By Katrina Olson
The Federal Reserve’s Beige Book report released on September 7 said the U.S. economy expanded at a “modest pace on balance” in July and August, although “activity slowed” in some parts of the country.
Some sources are calling this a Goldilocks Economy—growth isn’t too hot, causing inflation, nor too cold, creating a recession. Other sources claim the U.S. is on the brink of economic collapse.
Economic uncertainty always accompanies a presidential election. Boards and CEOs get nervous—and often, the first department to get cut is marketing. That’s why it’s important to continue finding new, more efficient ways to support the company’s sales goals…like public relations (PR).
PR can help promote your brand at much lower costs than advertising or other forms of marketing. There are still costs associated with PR, but you get a lot more bang for your buck and the effects are often longer lasting.
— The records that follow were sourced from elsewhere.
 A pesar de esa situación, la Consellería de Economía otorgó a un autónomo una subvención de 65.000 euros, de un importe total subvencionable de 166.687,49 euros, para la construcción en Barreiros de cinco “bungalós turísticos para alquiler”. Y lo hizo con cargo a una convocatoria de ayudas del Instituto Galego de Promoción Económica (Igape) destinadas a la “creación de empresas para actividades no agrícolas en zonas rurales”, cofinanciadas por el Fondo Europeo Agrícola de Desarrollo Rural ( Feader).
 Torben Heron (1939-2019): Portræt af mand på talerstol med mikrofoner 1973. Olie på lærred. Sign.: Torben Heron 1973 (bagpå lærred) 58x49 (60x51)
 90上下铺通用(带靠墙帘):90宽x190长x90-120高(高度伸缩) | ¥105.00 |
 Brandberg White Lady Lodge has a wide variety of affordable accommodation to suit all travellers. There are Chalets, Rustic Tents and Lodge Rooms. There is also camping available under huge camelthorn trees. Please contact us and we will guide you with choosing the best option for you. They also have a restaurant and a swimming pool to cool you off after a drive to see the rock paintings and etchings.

That’s because PR works on several levels:
- It keeps the company in the public eye, thus supporting sales.
- It can develop a positive attitude toward your company or product by informing and educating current and potential customers about your worthwhile activities.
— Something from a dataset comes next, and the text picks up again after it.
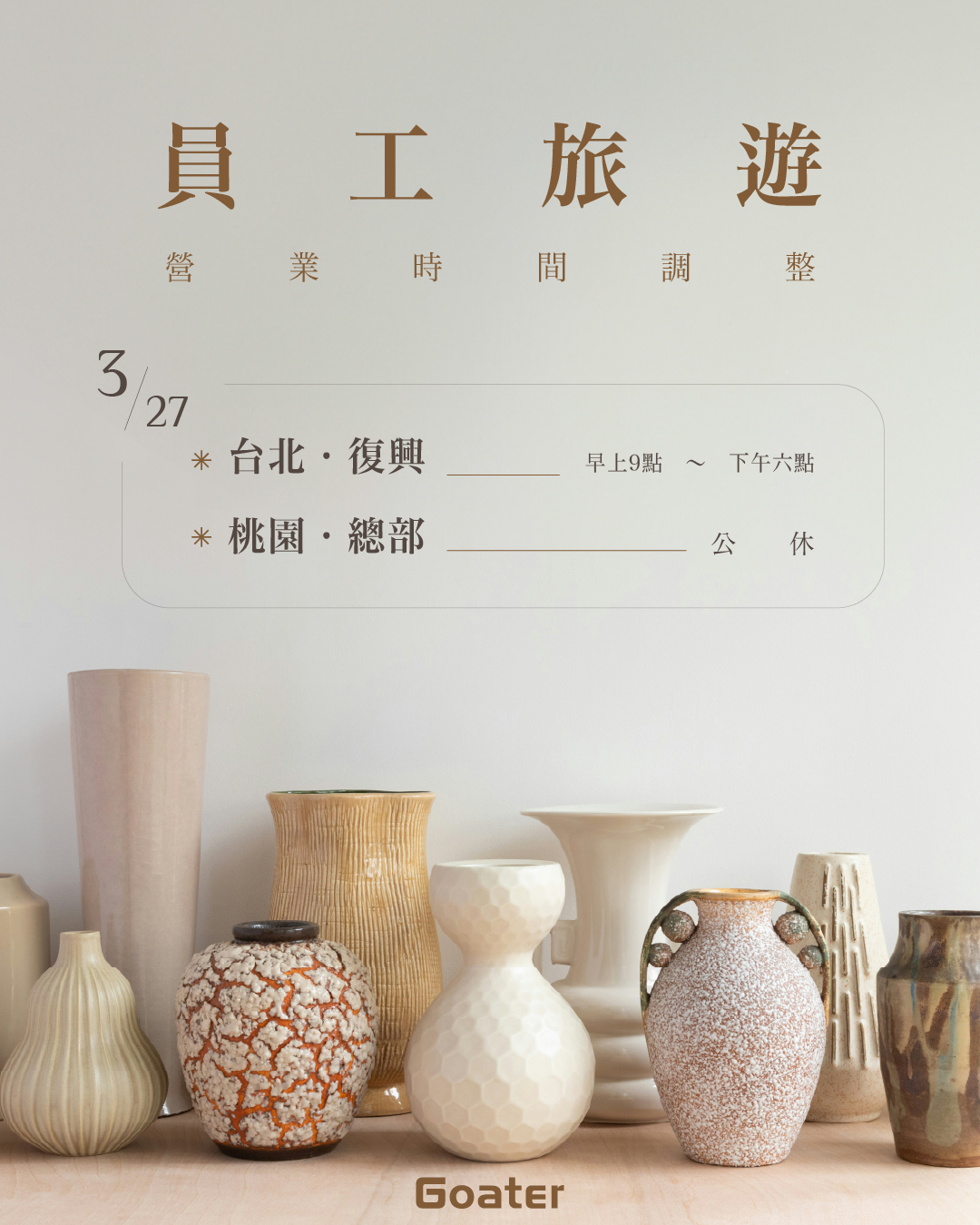 📅 門市營業時間公告:

- It can create a supportive and welcoming attitude among your publics, which may help recruit and retain staff and support the company’s objectives.
- It can inform the public and create publicity for new and innovative products.
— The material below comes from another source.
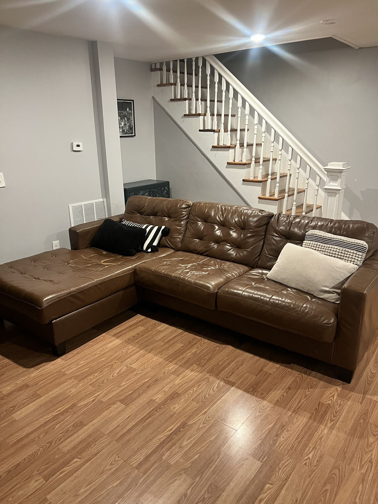 My dad bought this couch years ago so it was very well used as you can see. The leather is all scratched up because of the dog and I also believe its broken somewhere but I couldnt get a picture. Im not gonna lie it isnt in its best condition but hey man its a 2,200k couch for free lol

I just submitted an article for tED magazine’s November issue about how PR can support the marketing effort. You’ll read about several electrical distributors and manufacturers who have successfully used PR to promote their brands, products and services. But what you won’t find in that article are these 10 ideas for promoting your company with PR:
- Hand out or mail product samples to potential customers.
- Distribute a print or digital newsletter that provides useful information but also highlights new or innovative products.
- Host customer appreciation events and display or demonstrate products.
- Sponsor a competition. For example, have customers compete for the best time using the company’s product to perform a job task.
- Send press releases to trade media announcing a truly unique product, service or company initiative.
- Write and distribute case studies about how the company’s products were used in a noteworthy project such as stadium, skyscraper or mall.
- Celebrate an anniversary or other company milestone by donating product to an established, well-respected charity.
- Create a community program to encourage sustainability, energy savings, or another trending issue about which the company is knowledgeable.
- Create an educational curriculum for schools that relates to your business or products. Send a company representative to teach a class or demonstrate how electricity works, for example.
- Sponsor a contest or fundraiser for school children that ties in with the company’s products.
To learn more, start by reading “The Fall of Advertising and the Rise of PR” by Al and Laura Ries. It’s a few years old, but a great introduction to PR as a brand builder.
Then, as you’re working on your 2017 marketing plan, consider adding some PR initiatives, activities and efforts that allow you to engage, educate, inform and persuade your existing and potential customers.